I realized I 'd misunderstood utque alios taceam when I reread the entire Contest of Arms episode. One thing that I noticed is that Ajax makes a claim to be blunt and plainspoken at the outset -- a man of action and not words, and therefore at a disadvantage with the verbally adroit Ulysses; yet his speech is full of rhetorical tropes and figures.
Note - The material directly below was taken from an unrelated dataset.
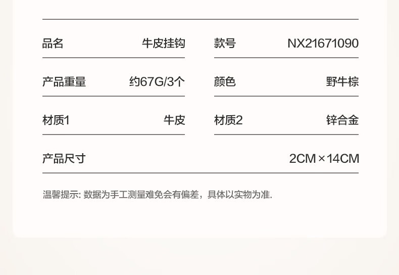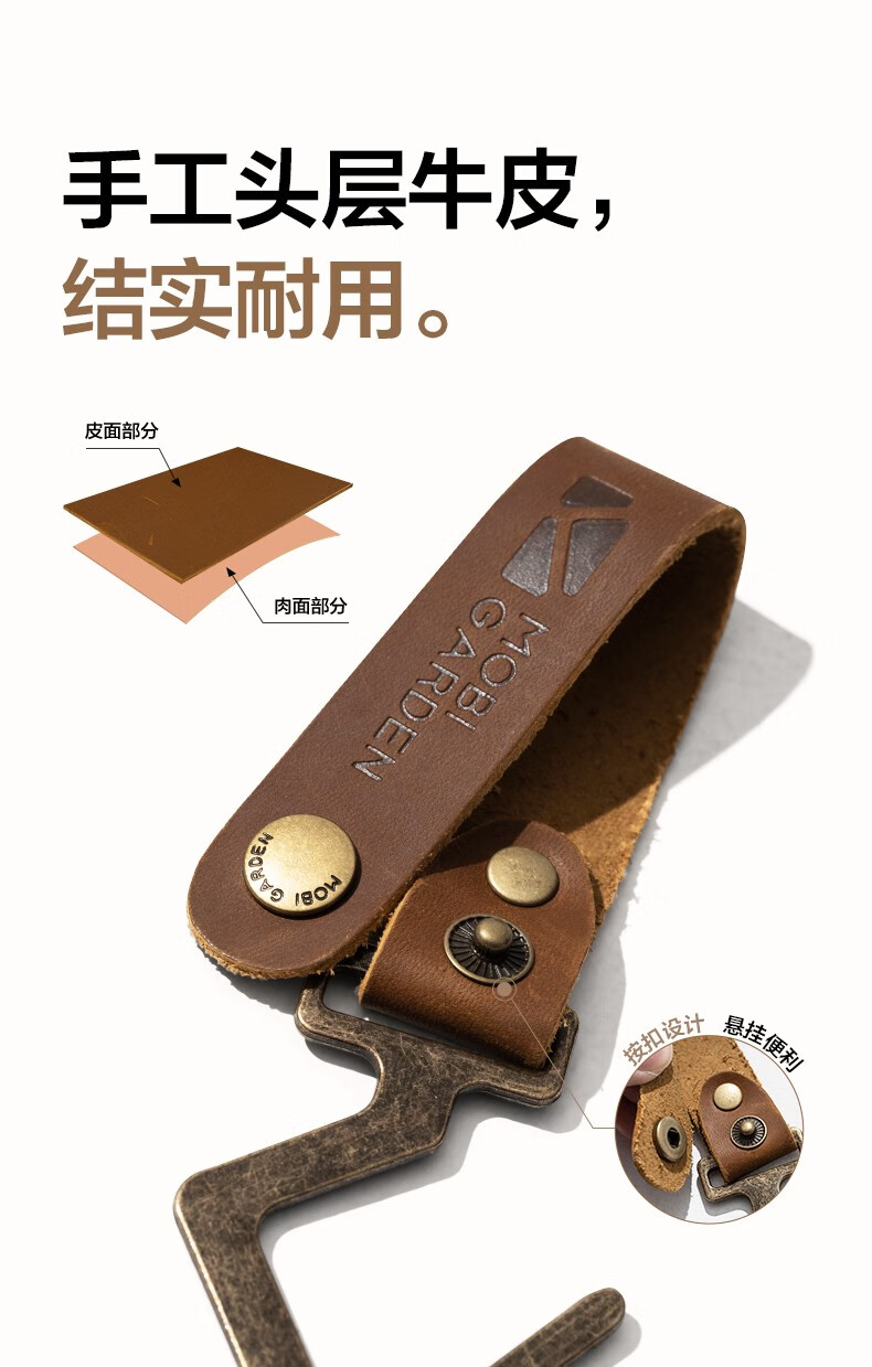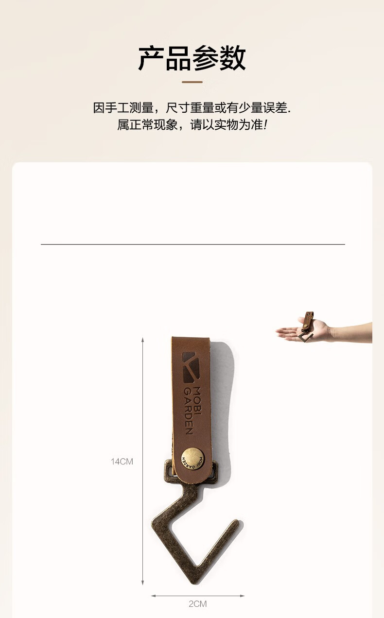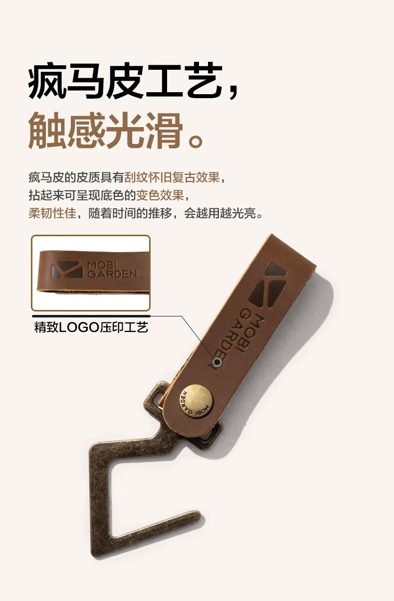 牧高笛(MOBIGARDEN)牛皮挂钩 户外露营晾衣绳置物架挂钩悬挂置物牛皮挂扣 牛皮挂钩*1包(不含悬挂物)

Ovid's sweeping world-historical narrative in the Metamorphoses does not focus on many episodes from the Trojan War (apart from this and the weird Cygnus episode). At first blush, this evasion of the Trojan War seems odd: as a result of the Homeric poems, the war looms as the central event of Greek mythology. But Ajax' and Ulysses' speeches in the Contest of Arms episode rehearse in brief or allude to many of the events of the Trojan War in the Iliad and elsewhere. I think that Ovid has used these speeches as a way to pass rapidly through stories with which the ancient reader would have been all too familiar, and which, in addition, don't include many incidents involving metamorphoses. At the same time, part of the ancient reader's enjoyment and pleasure in these speeches would have been in connecting Ovid's brief allusions with the versions found in his Greek sources and seeing how Ovid shaped them into the two speakers arguments-- mostly disingenuously on their part.